> **Exercise details**:
Please keep to the lines below from the one with "Die Science-Fiction-Sensation aus" through the one with "佩特洛維奇擁有23場(chǎ", and restate them word for word, ends included.

> **Extracted information**:
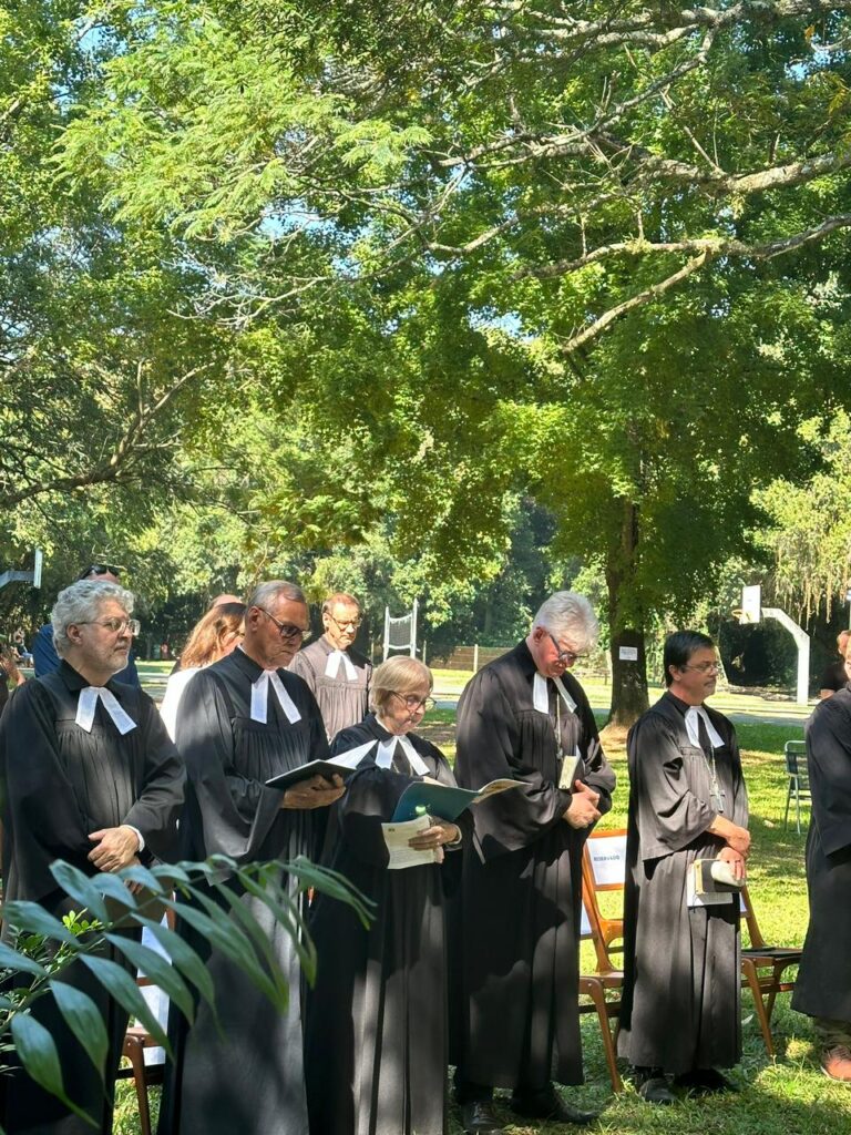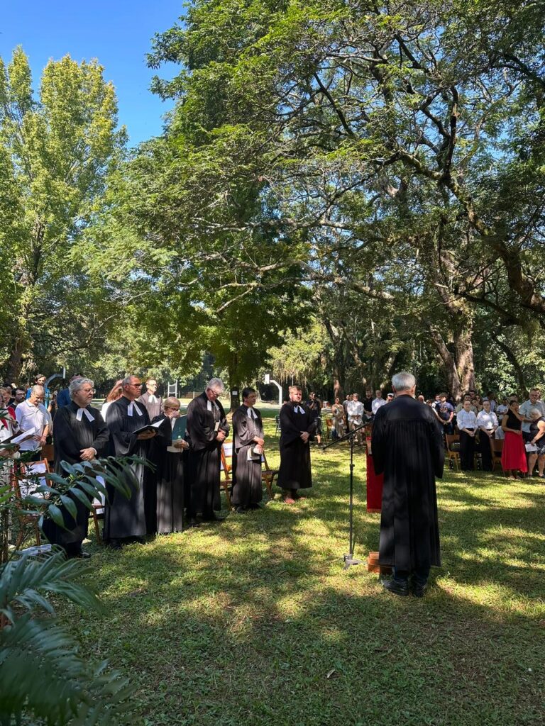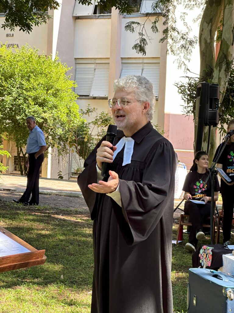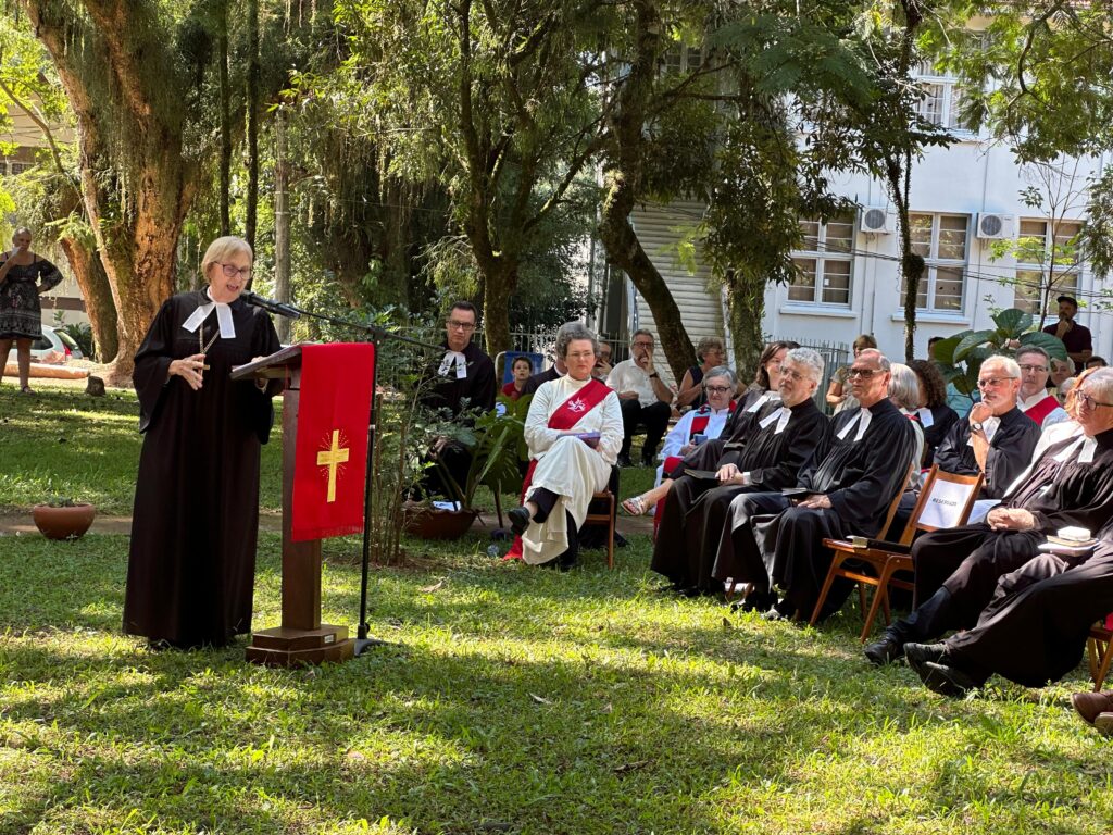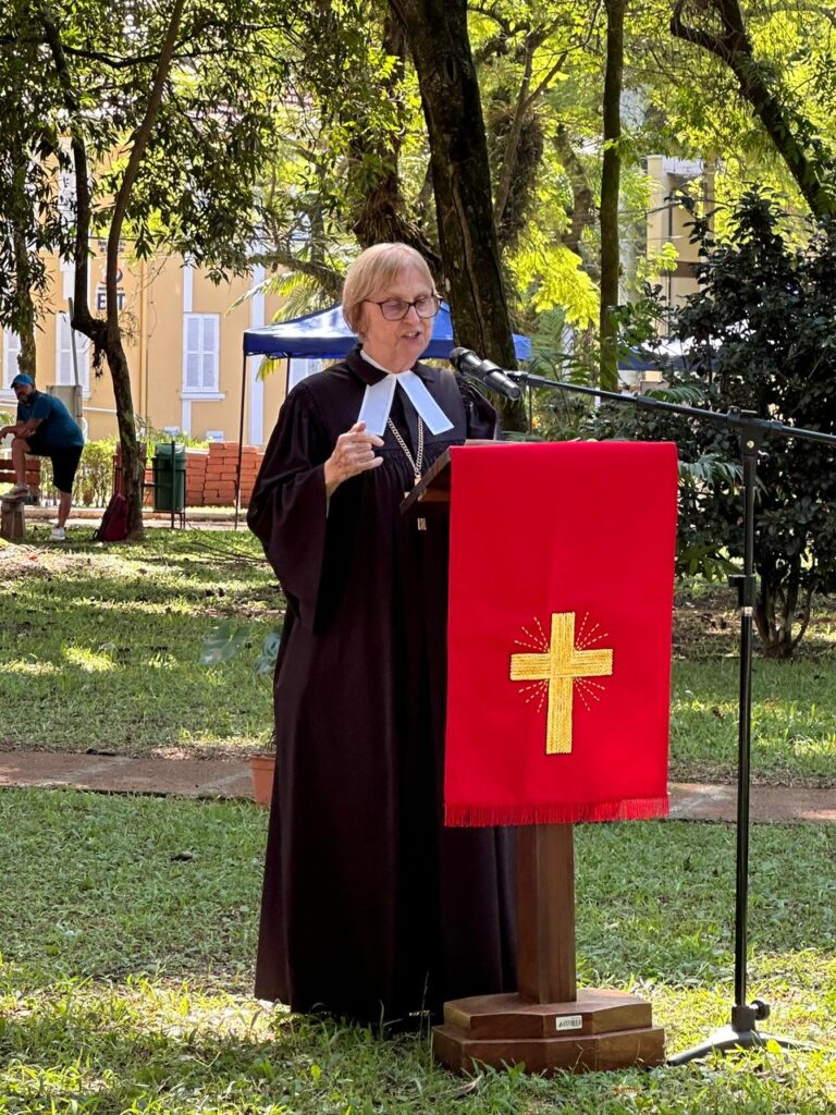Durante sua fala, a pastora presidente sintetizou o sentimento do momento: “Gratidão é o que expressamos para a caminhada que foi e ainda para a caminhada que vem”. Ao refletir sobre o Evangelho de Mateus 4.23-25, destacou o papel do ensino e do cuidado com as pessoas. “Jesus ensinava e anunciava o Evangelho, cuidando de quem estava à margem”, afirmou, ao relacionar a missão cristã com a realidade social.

...

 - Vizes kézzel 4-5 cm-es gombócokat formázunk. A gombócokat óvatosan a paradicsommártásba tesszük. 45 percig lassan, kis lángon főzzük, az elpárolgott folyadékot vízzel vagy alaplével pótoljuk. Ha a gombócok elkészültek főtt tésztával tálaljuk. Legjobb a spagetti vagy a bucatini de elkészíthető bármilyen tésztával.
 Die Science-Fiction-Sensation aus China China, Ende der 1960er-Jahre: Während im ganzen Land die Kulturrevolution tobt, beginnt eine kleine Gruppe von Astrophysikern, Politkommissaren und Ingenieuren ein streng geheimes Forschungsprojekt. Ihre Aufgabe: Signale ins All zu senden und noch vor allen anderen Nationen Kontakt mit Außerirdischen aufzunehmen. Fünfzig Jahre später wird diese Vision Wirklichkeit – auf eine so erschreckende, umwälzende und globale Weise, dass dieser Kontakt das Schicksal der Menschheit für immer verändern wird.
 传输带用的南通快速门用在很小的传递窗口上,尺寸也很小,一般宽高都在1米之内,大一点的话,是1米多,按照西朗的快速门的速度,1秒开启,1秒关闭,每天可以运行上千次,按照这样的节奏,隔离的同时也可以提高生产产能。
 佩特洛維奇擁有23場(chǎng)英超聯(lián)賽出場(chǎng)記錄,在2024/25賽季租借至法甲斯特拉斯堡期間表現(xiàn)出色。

> **Expected output**:
 Die Science-Fiction-Sensation aus China China, Ende der 1960er-Jahre: Während im ganzen Land die Kulturrevolution tobt, beginnt eine kleine Gruppe von Astrophysikern, Politkommissaren und Ingenieuren ein streng geheimes Forschungsprojekt. Ihre Aufgabe: Signale ins All zu senden und noch vor allen anderen Nationen Kontakt mit Außerirdischen aufzunehmen. Fünfzig Jahre später wird diese Vision Wirklichkeit – auf eine so erschreckende, umwälzende und globale Weise, dass dieser Kontakt das Schicksal der Menschheit für immer verändern wird.
 传输带用的南通快速门用在很小的传递窗口上,尺寸也很小,一般宽高都在1米之内,大一点的话,是1米多,按照西朗的快速门的速度,1秒开启,1秒关闭,每天可以运行上千次,按照这样的节奏,隔离的同时也可以提高生产产能。
 佩特洛維奇擁有23場(chǎng)英超聯(lián)賽出場(chǎng)記錄,在2024/25賽季租借至法甲斯特拉斯堡期間表現(xiàn)出色。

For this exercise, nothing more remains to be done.